Варя встретилась взглядом со свекровью. Та будто еще раз спрашивала: «Будешь любить его? Тогда не скажу…» И Варя опустила глаза.
Часа не прошло, в избе стало тесно: в поселке двадцать домов одних только Ждановых, ближней и дальней Пашкиной родни. И все, конечно, знают… Варя понимала: их бы полная воля, они бы ее вместе с Ларионом затоптали совсем, с грязью бы сровняли. А сейчас пришли и пока молчат, даже улыбаются ей, хвалят ее перед мужем, какая она золотая работница.
— Пора ей черноту-то отмывать! — самодовольно сказал Пашка. — У нее теперь муж дома. Хватит, поигралась в эти железки.
Родня разглядывала богатые Пашкины трофеи, пробовали примерить и на себя кое-что. Свекровь топила печь, пекла на скорую руку пресные лепешки. Пашка ножиком резал консервные банки, выковыривал из них розовую колбасу. Потихоньку сказал Варе:
— Вот чужееды! Пока не ополовинят, не уйдут. А нам сейчас эти гости — как в голову дырка!
Родня пила, а сам Пашка к вину не притронулся: этот вечер он хотел сберечь для жены. Он уже досадовал, выходил курить в сени и манил за собой Варю.
Но она не шла, прятала лицо и все что-то хлопотала, хлопотала…
— Поди к нему, Варварушка! — В первый раз за шесть лет так назвала ее свекровь. — Я тут подам, приму. Одного-то не пущай ни с кем, а то ну-ка брякнут…
Получилось то, чего опасалась старуха. За окнами уже было совсем сине и шумно от ветра, как перед грозой. Пашка вернулся в избу из сеней, где туманом стоял табачный дым. В это же время кто-то, звучно стуча каблуками, сбежал с крыльца, и со двора донеслись чьи-то отрывистые слова:
— Уж молчала бы до поры!..
— Пошто это молчать-то? — ответил злой женский голос. — Пусть от своих знает, чем завтра чужие на смех подымут!..
Пашка с меловым лицом, пряча от всех глаза, прошел вперед и стал рыться в чемодане.

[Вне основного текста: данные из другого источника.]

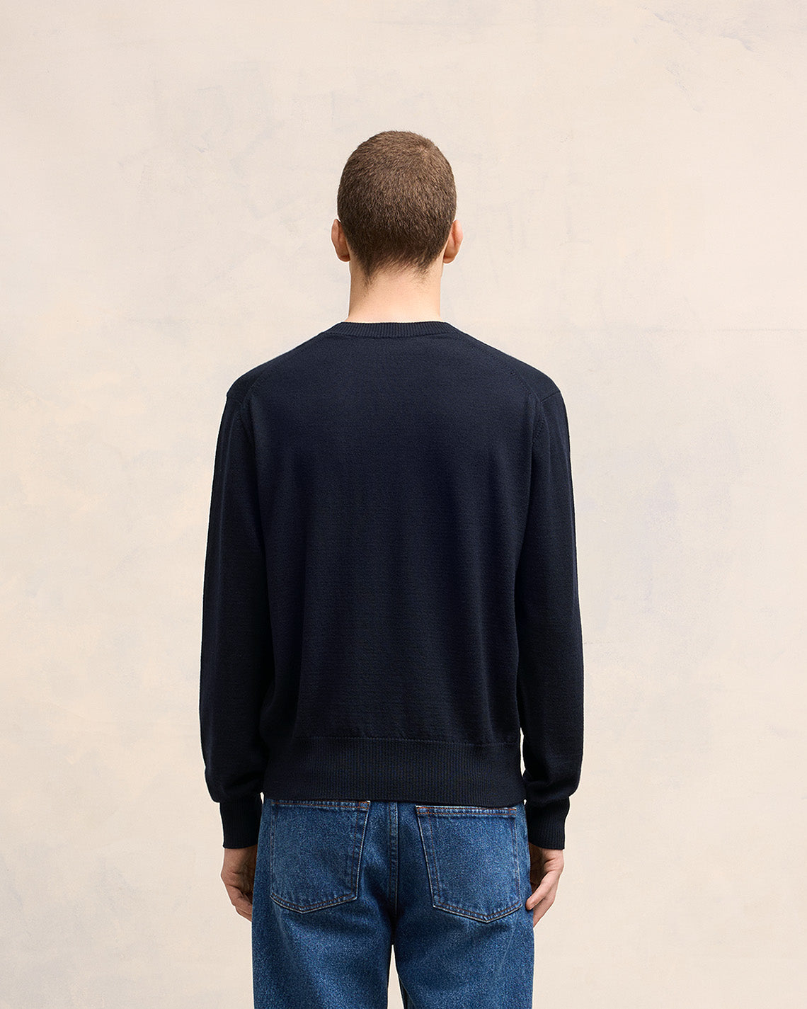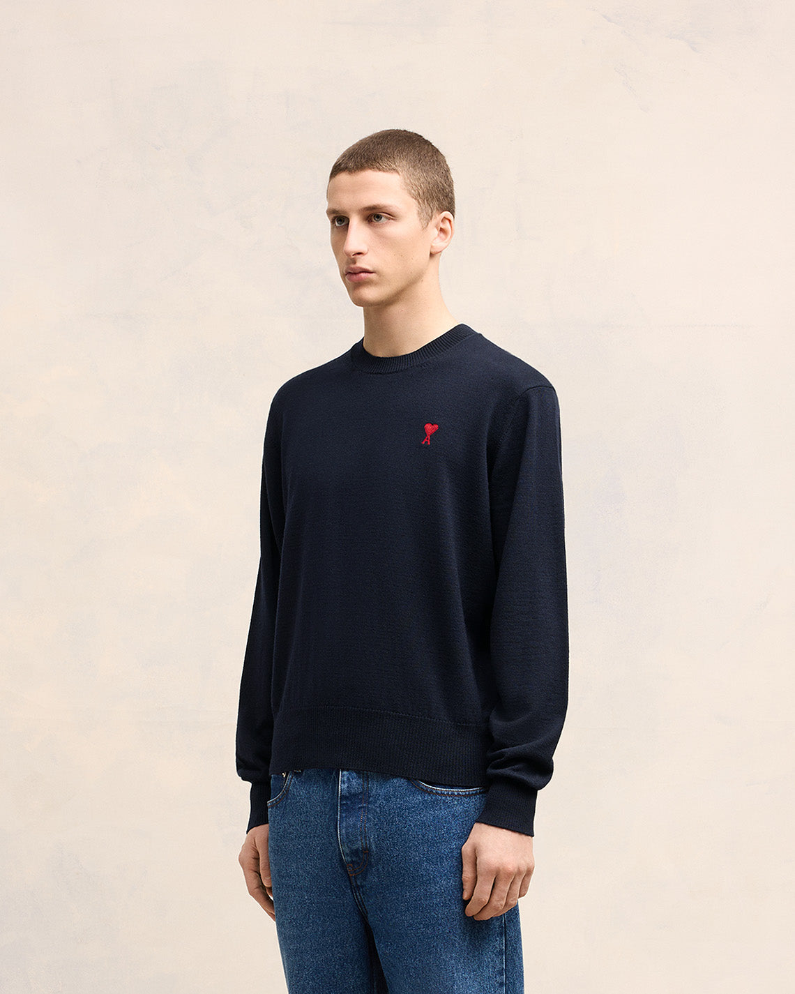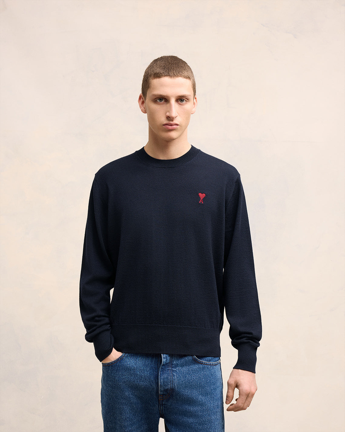Ami de Coeur embroidery crew neck sweater merino wool. Classic fit Jersey knit stich 62 cm center back length (size M) Red Ami de Coeur chest embroidery Made in Portugal (with love)
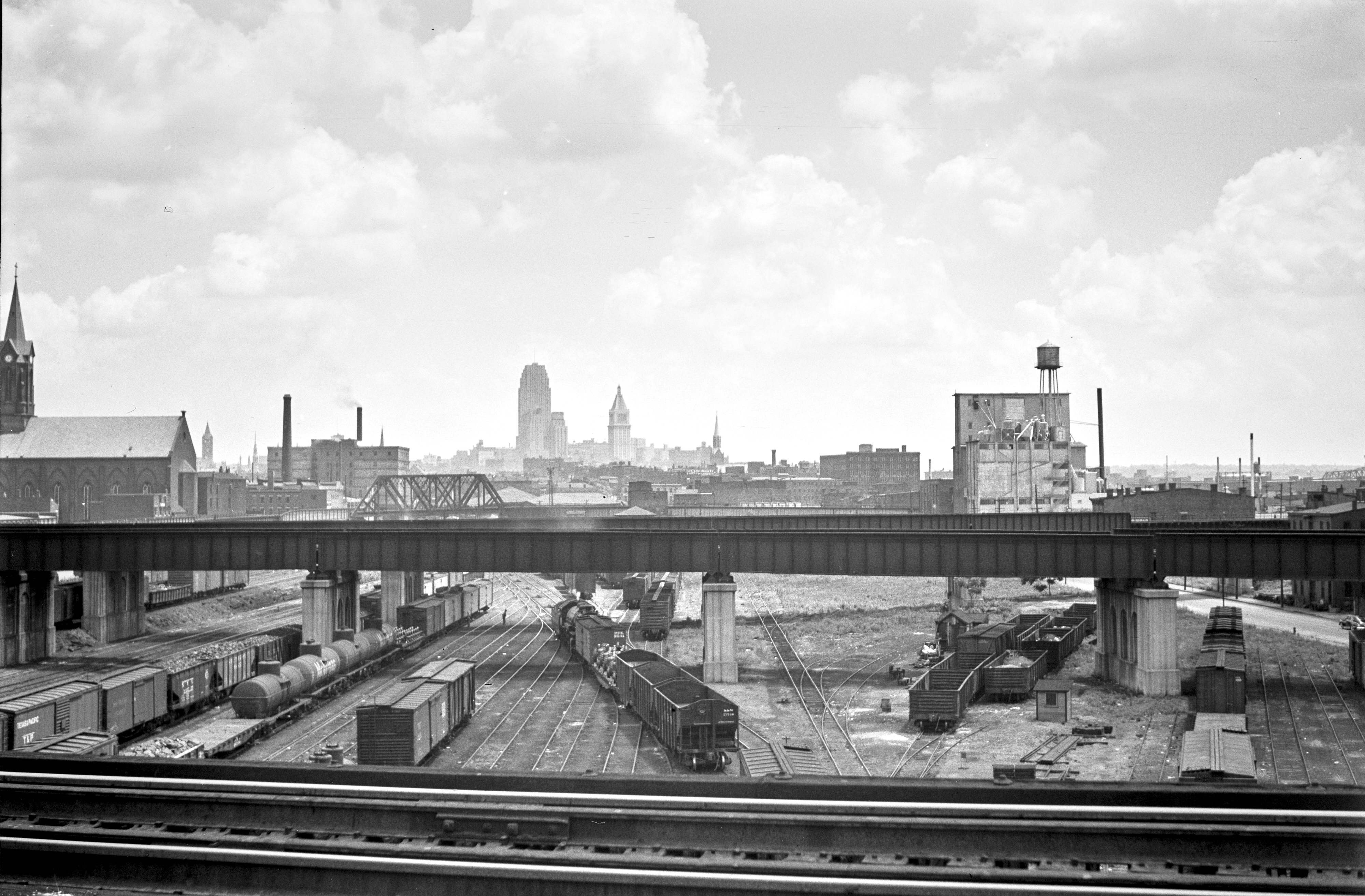 Historic photo of Queensgate and the various railroad yards and viaducts, looking east from the north approach to the Cincinnati Southern Bridge. 6th Street is barely visible at the right, and the current 6th Street Expressway runs along the right side of this photo now. The viaduct from the previous photo is running across the center, whose piers are all that remain today. The C&O viaduct can be seen directly behind it curving to the east. The small truss bridge in the distance is part of the viaduct that used to connect the Waterfront Belt Line with the Mill Creek Valley railroads. Original photo 6-15-1941 by Nelson Ronsheim. Scanned by Michael G. Smith.

Достал еще пол-литра и в первый раз налил себе. Варя из темного угла смотрела, как прошла судорога по его горлу, когда он опрокинул стакан.
После шумного разговора в избе стало очень тихо и страшно. В этой застольной тишине Пашка неожиданно произнес, криво и странно улыбаясь:
— Вот, значит, родичи дорогие… Чего я, значит, вам скажу. Женщин мы по Европе поглядели… И лучше полячек, чуете, нету. После их на своих-то, пожалуй, и глядеть не захошь…
Вдруг плохая улыбка сползла с Пашкиного лица, и он со страшной злобой бросил:
— Ну, хватит, посидели! Идите все отсюдова тотчас!
Гости, оробев, переглянулись. Загремели отодвинутые стулья, упала скамья. Старуха в смятении засуетилась.
— Уж извините, гостечки дорогие!.. Устал, выпил… И завтра будет день, милости просим.
Пашка сидел на постели, прикрыв ладонью глаза. Он не замечал, что его подкованный железом сапог дерет и топчет белое кружево подзора у кровати.
— Вот люди!.. — сказал он наконец глухо и горько. — Когда нажрались, тогда и высказали…
Он потряс опущенной головой, все еще не отнимая ладони от глаз. Потом поднял голову и посмотрел на Варю.
— Что это шумит? — спросил он, прислушиваясь.